My dad was the king of "I coulda been a contender." In his mind, he had invented nearly everything in the world and just never got the credit.  

One of his biggest ‘inventions’ was the outdoor metal closet in which gas stations keep tires.  You couldn’t drive by a service station without him declaring, "You know, those were my idea. John Acton, who owned the service station down on Oak, he asked me where he could store his tires and I said here's what you could do."

At this point my dad usually rooted around in his pockets for a napkin or scrap of paper and sketched what could have been a rectangular item of any size from shoe box to airplane hangar, with two scratch marks on the front as door handles. He would never have won any Pictionary rounds with his drawings. With the sketch as proof, Dad would get more puffed up, angrier and emphatic, "I told him he could fit all his tires in there and they'd be secure, no worries about weather or theft, but he wouldn't listen to me.  A few years later my tire enclosures started popping up everywhere. I never got a cent."  By this point he would be poking at the rectangle with the business end of his pen and splattering occasional bits of spittle.

I think you're getting the idea.  With his concept of inventing things, we should all own patents on things like comfortable pillows and good chocolate.  (I told Red Roof Inn five years ago they needed fluffier pillows.  Now they've got fluffier pillows and do I see a penny of that business?  No.)  

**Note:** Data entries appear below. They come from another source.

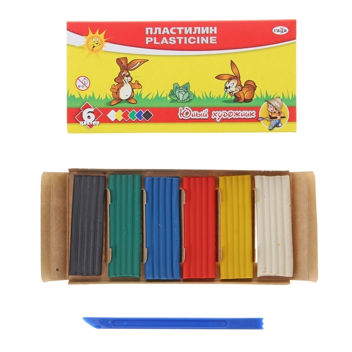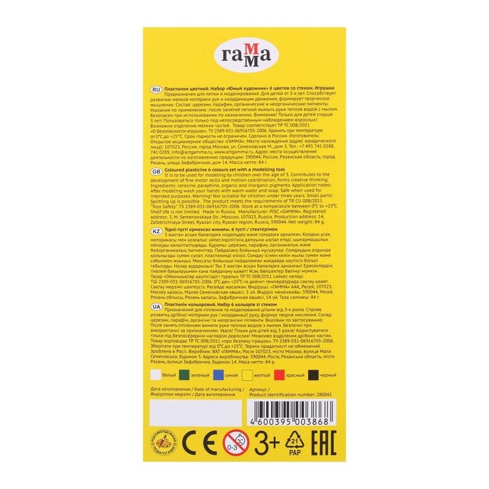 Пластилин 6 цветов 84 г, Гамма "Юный художник", со стеком, картонная упаковка 280042
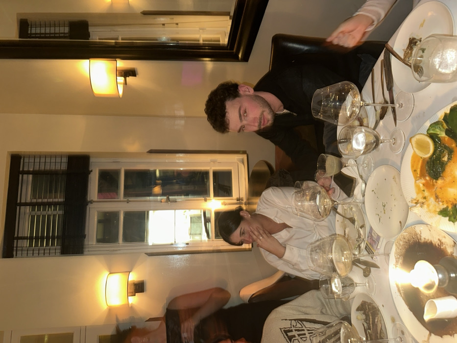 A group of people are seated at a table in a restaurant. Plates and glasses are scattered across the table, indicating a meal has been eaten. A man in a black jacket is looking towards the camera. A woman in a white shirt sits beside him, appearing to be engaged in conversation. Another person is blurred at the bottom of the frame. Two wall lamps illuminate the scene. A large window with bars is behind the woman, and a mirror hangs on the wall behind the man.
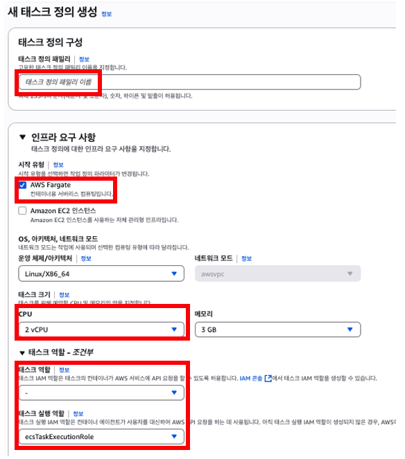 ECS > 태스크 정의 > 새 태스크 정의 생성
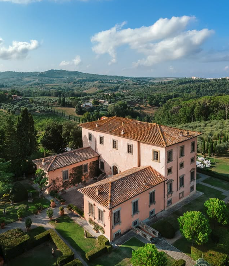 Villa Mangiacane, situata nel cuore delle colline toscane, dimora rinascimentale risalente al XV secolo. Originariamente costruita per la famiglia Machiavelli, la villa è legata alla figura del celebre Niccolò Machiavelli e si narra che abbia beneficiato del tocco artistico del maestro Michelangelo. Questo capolavoro architettonico, circondato da 600 acri di vigneti e uliveti, è oggi una destinazione unica per matrimoni, eventi privati ed esperienze indimenticabili legate all’enogastronomia e al benessere.
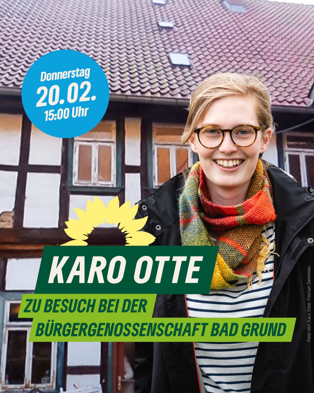 Wir freuen uns, dass Karo Otte, am 20.02. um 15 Uhr bei der Bürgergenossenschaft Bad Grund zu Besuch sein wird! Sie wird tatkräftig bei der Sanierung des Genossenschaftsgebäudes (Markt 7) mit anpacken und die Bürgergenossenschaft bei diesem wichtigen Projekt unterstützen.

He also could have been an investor.  He claimed he'd had an opportunity to buy into a McDonalds franchise in the early years but hadn't been able to get a bank to loan him the money.   Of course, the major problem with his investing ideas and his inventions, one that he never seemed to grasp, was that we were poor and had no collateral to speak of.  No one in his right mind would have loaned us money back then, decades before the current housing crisis revealed a new philosophy of finance.  

His ideas didn’t always make a lot of sense, either.  The last invention, which he conceived in his eighties, was a steering wheel cover for hot weather.  His prototype was a manila envelope that he would somehow bend and fold so it would magically stay on the wheel and keep the sun off.  This invention was going to be the big one.  It was going to make him millions.  When I pointed out that people could buy their own manila envelopes much cheaper, he was truly crestfallen.  And I was truly sorry I had poured water on his still tenacious dreams. Maybe it coulda been the big one, Dad, maybe that was the one.

1 comment:

  1. Your dad was such a sweet man even if he wasn't a contender. Great blog! Hope you are enjoying school. Happy New Year!